Studio album by Héctor Lavoe
- Released: 1978
- Genre: Salsa
- Label: Fania
- Producer: Willie Colón

Héctor Lavoe chronology
| De Ti Depende (1976) | Comedia (1978) | Feliz Navidad (1979) |

= Comedia (album) =

1978 studio album by Héctor Lavoe

Comedia (Comedy) is the third solo album by the Puerto Rican musician Héctor Lavoe. It was released in 1978 under the label of Fania Records. It is notable for the song "El Cantante", which was written by Rubén Blades. In 2006, Hispanic included the album on its list of 10 classic salsa albums.
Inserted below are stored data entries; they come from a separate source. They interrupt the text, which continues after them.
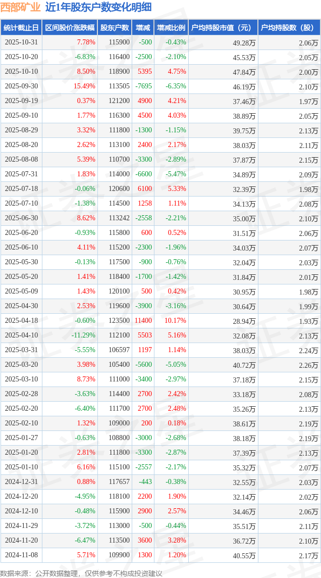 从股价来看,2025年10月20日至2025年10月31日,西部矿业区间涨幅为7.78%,在此期间股东户数减少500.0户,减幅为0.43%。
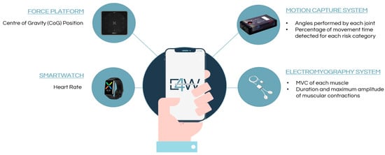 Representation of the parameters included in E4W (The image of each sensor was taken directly from the supplier’s website: Motion Capture System—www.teaergo.com/captiv/, Electromyography System and Force Platform—www.pluxbiosignals.com/, Smartwatch—www.oppo.com/pt/accessories/watch/, accessed on 15 May 2025).
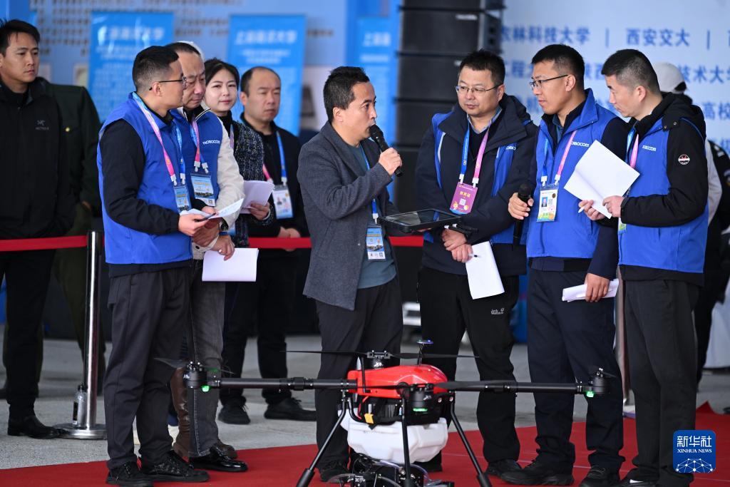 10月26日,在第32屆楊凌農高會的農業機器人比賽上,陜西華基楓林科技有限公司的技術人員(前中)向評委介紹參賽的農用無人機產品。

The album was named one of the 50 greatest salsa albums of all time by Rolling Stone in October 2024.

Professional ratings
Review scores
| Source | Rating |
| AllMusic | Star |

==Track listing==
1. "El Cantante" – 10:23
2. "Comedia" - 3:28
3. "La Verdad" - 5:30
4. "Tiempos Pasados" - 4:26
5. "Bandolera" - 9:32
6. "¿Por Qué Te Conocí?" - 4:47
7. "Songoro Cosongo" - 7:50

==Personnel==
- Héctor Lavoe - Vocals
- Salvador Cuevas - Bass
- Gilberto Colon - Piano
- Jose Rodriguez - Trombone
- Reinaldo Jorge - Trombone
- Luis E. Ortiz - Trumpet
- Jose Febles - Trumpet
- Milton Cardona - Conga ("El Cantante" & "La Verdad" only)
- Eddie Montalvo - Conga
- Steve Berrios - Timbales & Percussion ("El Cantante" & "La Verdad" only)
- Jose Cigno - Drums (except "El Cantante" & "La Verdad")
- Alfredo De La Fé - Violin ("El Cantante")

Coros:

- Jose Mangual
- Milton Cardona
- Willie Colón
- Eddie Natal
- Héctor Lavoe
- Recorded at La Tierra Sound Studios, New York City
- Audio Engineers: Jon Fausty, Mario Salvati, Irv Greenbaum
- Mixed by: Willie Colón
- "Bandolera" mixed by Jon Fausty
- Produced by Willie Colón
- Willie Colón (Arrangements)
- Luis Ortiz (Arrangements)
- José Febles (Arrangements)
- Edwin Rodríguez (Arrangements)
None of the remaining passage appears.